In this experience, students learn the elements of an argumentative text, including the types of evidence an author can use as support. They also explore the connection between knowing a text’s audience and reading argumentative text. Next, they read an argumentative passage and explain the audience, claim, reasons, evidence, and counterargument. Finally, they consider whether the argument in the passage they read is convincing.

Objectives

  • Explain the characteristics of an argumentative text.
  • Analyze the author’s claim, reasons, and evidence.
  • Identify the audience for an argumentative text.
  • Analyze potential counterarguments.

Duration

One or two class periods.

Vocabulary Words Used in “Navy Marine Mammal Program”

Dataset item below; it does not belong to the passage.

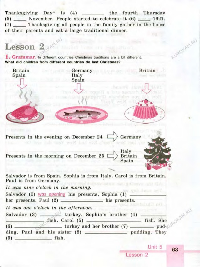 Salvador (0) was opening his presents, Sophia (1)_______ her presents. Paul (2) ________ his presents. It was one o'clock in the afternoon. Salvador (3) __________ turkey. Sophia's brother (4)________ fish. Carol (5)___________ fish. She (6)__________ turkey and her brother (7) ________ pudding. Paul and his sister (8)_________ pudding. They (9)_________ fish.

  • murky: dark and gloomy
  • sonar: an underwater system used to determine the depth of the water by emitting sound pulses


We all have opinions and many of us like to share them—sometimes in writing! In this experience, you will learn more about what argumentative writing includes and what makes it most effective.

Objectives

  • Explain the characteristics of an argumentative text.
  • Analyze the author’s claim, reasons, and evidence.
  • Identify the audience for an argumentative text.
  • Analyze potential counterarguments.


illustration of person looking at ad on computer screen

Think about the last advertisement you saw. Did the commercial make you want to buy the item being advertised? Why or why not? Explain what made the advertisement successful or not.

Post your answer

Invite volunteers to share their ad and their thinking. Use this as a springboard to discuss what makes an author’s argument successful. Encourage students to share the different techniques used by advertisers—powerful language, attractive images, compelling arguments, etc.


Computer ads are similar to certain types of written texts because the advertisers or authors want to persuade you to agree with them. In this experience, you will evaluate how authors make an argument to their readers and what makes their arguments effective.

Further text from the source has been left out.